### INSTRUCTIONS FOR THE TASK
Look through the records below for the line with "Les couloirs sont". Return that line and each one after it up to and including the line with "قمنا بعد ذلك", exactly.

### SUPPLIED RECORDS
- Opening Delimiter -
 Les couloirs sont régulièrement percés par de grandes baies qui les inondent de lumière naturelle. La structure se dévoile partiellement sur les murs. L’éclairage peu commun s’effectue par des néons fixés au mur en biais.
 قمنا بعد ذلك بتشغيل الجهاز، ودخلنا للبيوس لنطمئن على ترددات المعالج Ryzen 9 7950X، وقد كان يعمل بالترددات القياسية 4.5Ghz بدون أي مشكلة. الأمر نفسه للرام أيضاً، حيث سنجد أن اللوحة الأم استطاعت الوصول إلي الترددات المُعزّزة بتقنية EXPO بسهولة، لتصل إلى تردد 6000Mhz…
- Closing Delimiter -
- Opening Delimiter -
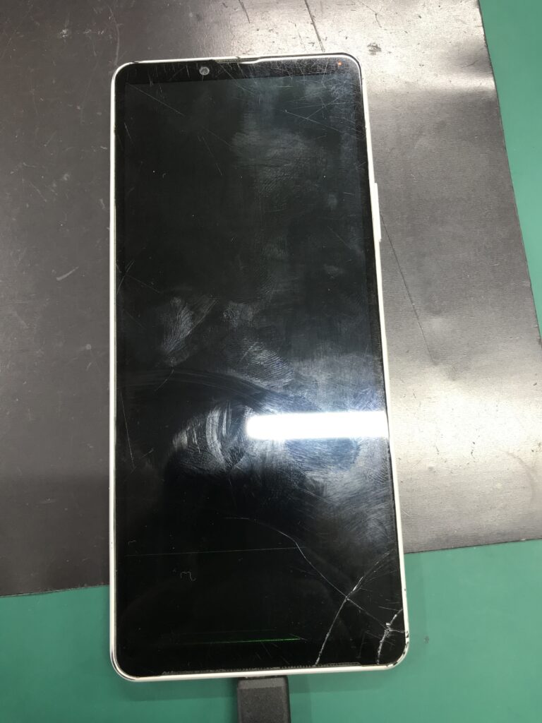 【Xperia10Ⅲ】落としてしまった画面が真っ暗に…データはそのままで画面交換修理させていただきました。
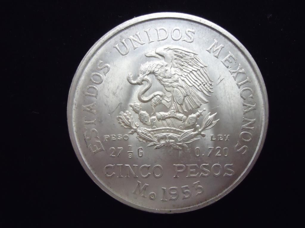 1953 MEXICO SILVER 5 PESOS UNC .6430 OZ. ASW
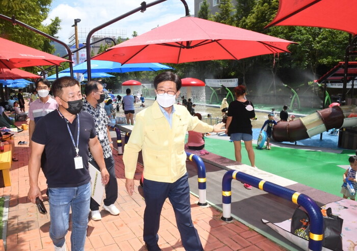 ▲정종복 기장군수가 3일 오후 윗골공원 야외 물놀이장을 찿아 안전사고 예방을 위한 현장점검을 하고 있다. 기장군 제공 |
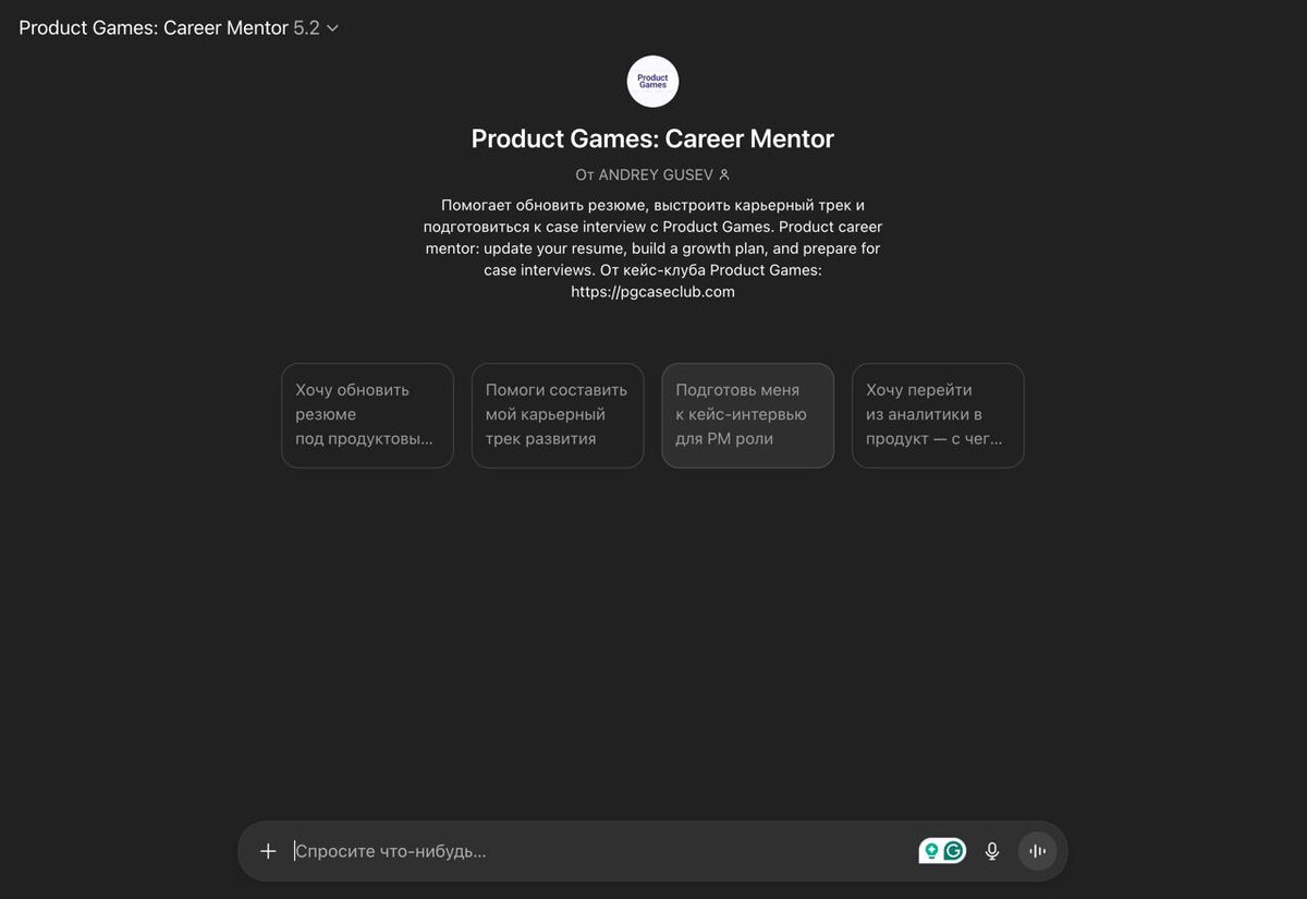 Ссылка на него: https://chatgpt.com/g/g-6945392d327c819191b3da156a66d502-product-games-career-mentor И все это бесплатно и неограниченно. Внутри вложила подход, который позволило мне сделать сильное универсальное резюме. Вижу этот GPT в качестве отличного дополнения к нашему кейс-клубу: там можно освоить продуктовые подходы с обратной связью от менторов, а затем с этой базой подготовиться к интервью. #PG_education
- Closing Delimiter -
- Opening Delimiter -
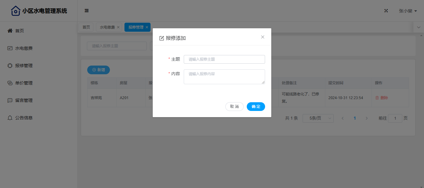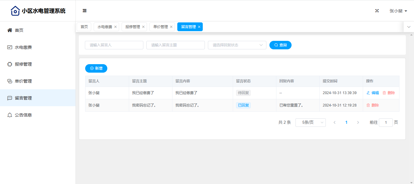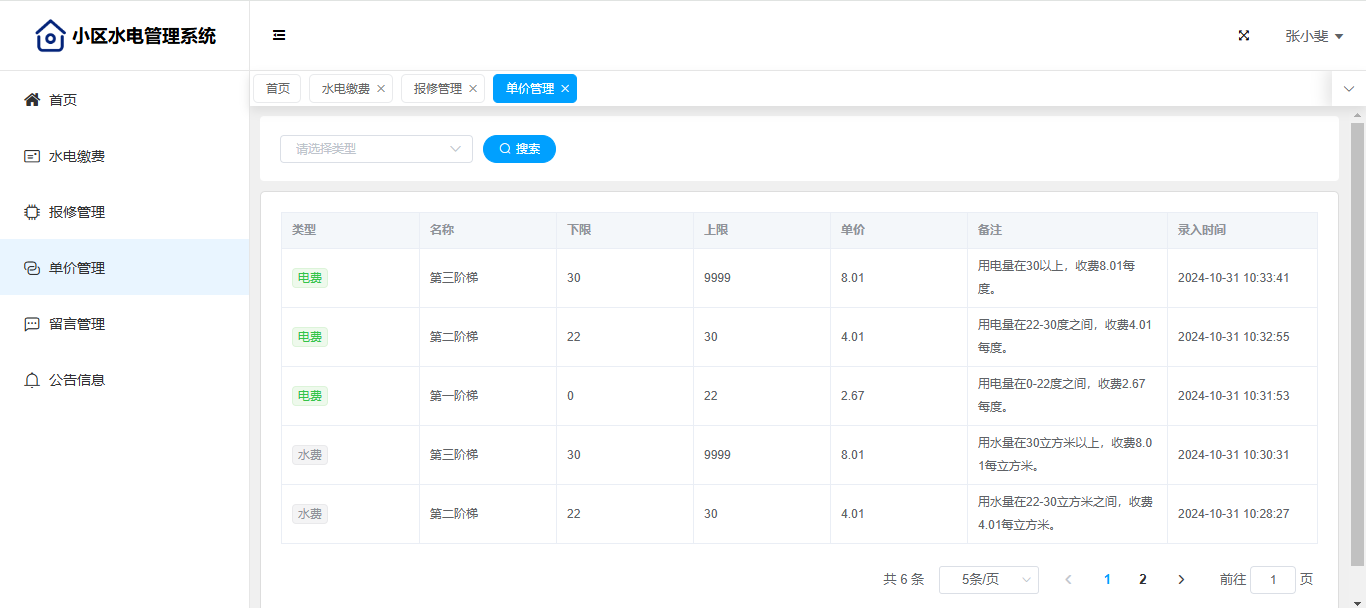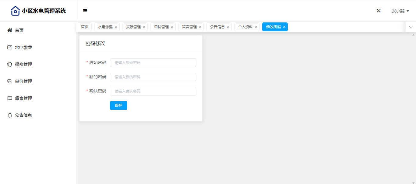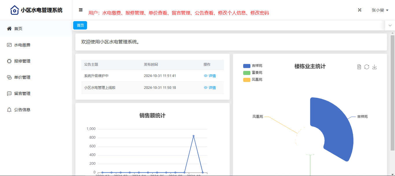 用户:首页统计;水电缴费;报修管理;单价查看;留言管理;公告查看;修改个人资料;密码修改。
- Closing Delimiter -
### SOLUTION
 Les couloirs sont régulièrement percés par de grandes baies qui les inondent de lumière naturelle. La structure se dévoile partiellement sur les murs. L’éclairage peu commun s’effectue par des néons fixés au mur en biais.
 قمنا بعد ذلك بتشغيل الجهاز، ودخلنا للبيوس لنطمئن على ترددات المعالج Ryzen 9 7950X، وقد كان يعمل بالترددات القياسية 4.5Ghz بدون أي مشكلة. الأمر نفسه للرام أيضاً، حيث سنجد أن اللوحة الأم استطاعت الوصول إلي الترددات المُعزّزة بتقنية EXPO بسهولة، لتصل إلى تردد 6000Mhz…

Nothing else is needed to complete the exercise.